[Try it] Under this line are the records; write out word for word the part that begins at the line containing "earrings 18 kt" and ends at the line containing "顯然F1、F2、F3組成一空", and no more.

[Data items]
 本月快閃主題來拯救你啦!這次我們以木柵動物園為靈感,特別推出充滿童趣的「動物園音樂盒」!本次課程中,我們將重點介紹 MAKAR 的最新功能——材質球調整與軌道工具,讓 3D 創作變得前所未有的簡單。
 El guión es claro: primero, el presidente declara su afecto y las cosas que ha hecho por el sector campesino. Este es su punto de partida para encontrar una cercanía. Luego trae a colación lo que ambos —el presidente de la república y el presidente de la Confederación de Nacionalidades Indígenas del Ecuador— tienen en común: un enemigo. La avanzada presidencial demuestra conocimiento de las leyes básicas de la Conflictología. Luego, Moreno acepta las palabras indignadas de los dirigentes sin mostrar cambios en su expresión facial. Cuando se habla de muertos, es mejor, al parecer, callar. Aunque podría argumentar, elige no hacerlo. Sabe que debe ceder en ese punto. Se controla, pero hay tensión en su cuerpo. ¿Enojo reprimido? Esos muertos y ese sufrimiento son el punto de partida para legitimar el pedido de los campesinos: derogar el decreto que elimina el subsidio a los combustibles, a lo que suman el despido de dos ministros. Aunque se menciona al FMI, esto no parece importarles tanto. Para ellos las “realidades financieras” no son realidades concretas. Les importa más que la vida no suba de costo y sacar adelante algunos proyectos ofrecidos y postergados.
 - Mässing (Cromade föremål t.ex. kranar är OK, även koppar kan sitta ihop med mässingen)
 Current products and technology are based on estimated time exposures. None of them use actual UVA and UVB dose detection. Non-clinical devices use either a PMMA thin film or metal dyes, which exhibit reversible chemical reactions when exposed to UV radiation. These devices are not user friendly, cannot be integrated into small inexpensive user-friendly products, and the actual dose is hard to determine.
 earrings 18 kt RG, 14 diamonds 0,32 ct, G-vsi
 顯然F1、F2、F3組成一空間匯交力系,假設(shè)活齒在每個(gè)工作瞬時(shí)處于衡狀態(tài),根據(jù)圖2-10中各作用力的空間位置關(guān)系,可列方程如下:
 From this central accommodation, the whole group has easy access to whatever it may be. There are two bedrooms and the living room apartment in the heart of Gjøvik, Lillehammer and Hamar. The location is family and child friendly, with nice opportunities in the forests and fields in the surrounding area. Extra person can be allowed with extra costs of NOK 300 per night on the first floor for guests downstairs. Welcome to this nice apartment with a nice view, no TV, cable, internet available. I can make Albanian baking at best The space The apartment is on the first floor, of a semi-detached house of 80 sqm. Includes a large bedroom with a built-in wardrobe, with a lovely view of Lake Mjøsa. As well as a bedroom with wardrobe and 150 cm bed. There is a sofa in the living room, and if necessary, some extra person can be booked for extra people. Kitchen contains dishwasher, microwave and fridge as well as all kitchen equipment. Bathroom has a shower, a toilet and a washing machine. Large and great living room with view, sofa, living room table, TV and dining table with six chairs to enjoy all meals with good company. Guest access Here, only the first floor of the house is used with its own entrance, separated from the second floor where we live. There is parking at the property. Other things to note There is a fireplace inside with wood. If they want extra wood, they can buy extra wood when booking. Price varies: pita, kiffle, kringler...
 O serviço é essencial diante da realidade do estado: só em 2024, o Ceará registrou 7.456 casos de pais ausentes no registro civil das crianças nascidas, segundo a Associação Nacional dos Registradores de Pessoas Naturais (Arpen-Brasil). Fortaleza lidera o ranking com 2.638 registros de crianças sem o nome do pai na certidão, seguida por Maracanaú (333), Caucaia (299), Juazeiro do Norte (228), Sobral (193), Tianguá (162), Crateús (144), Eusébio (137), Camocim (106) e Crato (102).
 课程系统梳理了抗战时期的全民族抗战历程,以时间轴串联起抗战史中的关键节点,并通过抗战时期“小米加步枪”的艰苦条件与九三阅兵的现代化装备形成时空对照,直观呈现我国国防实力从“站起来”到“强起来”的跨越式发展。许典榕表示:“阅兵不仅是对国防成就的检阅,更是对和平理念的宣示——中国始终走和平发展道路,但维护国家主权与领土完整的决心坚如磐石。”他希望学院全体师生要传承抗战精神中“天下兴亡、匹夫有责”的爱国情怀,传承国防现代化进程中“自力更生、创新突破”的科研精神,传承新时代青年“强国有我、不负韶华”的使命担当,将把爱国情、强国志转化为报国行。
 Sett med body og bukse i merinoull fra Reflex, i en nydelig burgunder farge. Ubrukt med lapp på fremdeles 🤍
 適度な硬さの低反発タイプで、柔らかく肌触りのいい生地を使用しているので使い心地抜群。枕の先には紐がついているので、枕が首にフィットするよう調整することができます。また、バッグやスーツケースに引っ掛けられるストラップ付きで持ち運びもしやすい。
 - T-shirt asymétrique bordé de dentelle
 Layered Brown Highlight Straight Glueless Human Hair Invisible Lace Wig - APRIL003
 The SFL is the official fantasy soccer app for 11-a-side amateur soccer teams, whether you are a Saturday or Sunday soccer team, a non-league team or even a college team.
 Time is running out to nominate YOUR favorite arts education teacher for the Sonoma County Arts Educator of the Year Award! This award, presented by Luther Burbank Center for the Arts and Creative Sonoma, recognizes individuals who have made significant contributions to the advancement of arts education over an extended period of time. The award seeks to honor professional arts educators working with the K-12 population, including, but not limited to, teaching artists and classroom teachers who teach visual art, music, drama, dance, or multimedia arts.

[Exercise solution]
 earrings 18 kt RG, 14 diamonds 0,32 ct, G-vsi
 顯然F1、F2、F3組成一空間匯交力系,假設(shè)活齒在每個(gè)工作瞬時(shí)處于衡狀態(tài),根據(jù)圖2-10中各作用力的空間位置關(guān)系,可列方程如下:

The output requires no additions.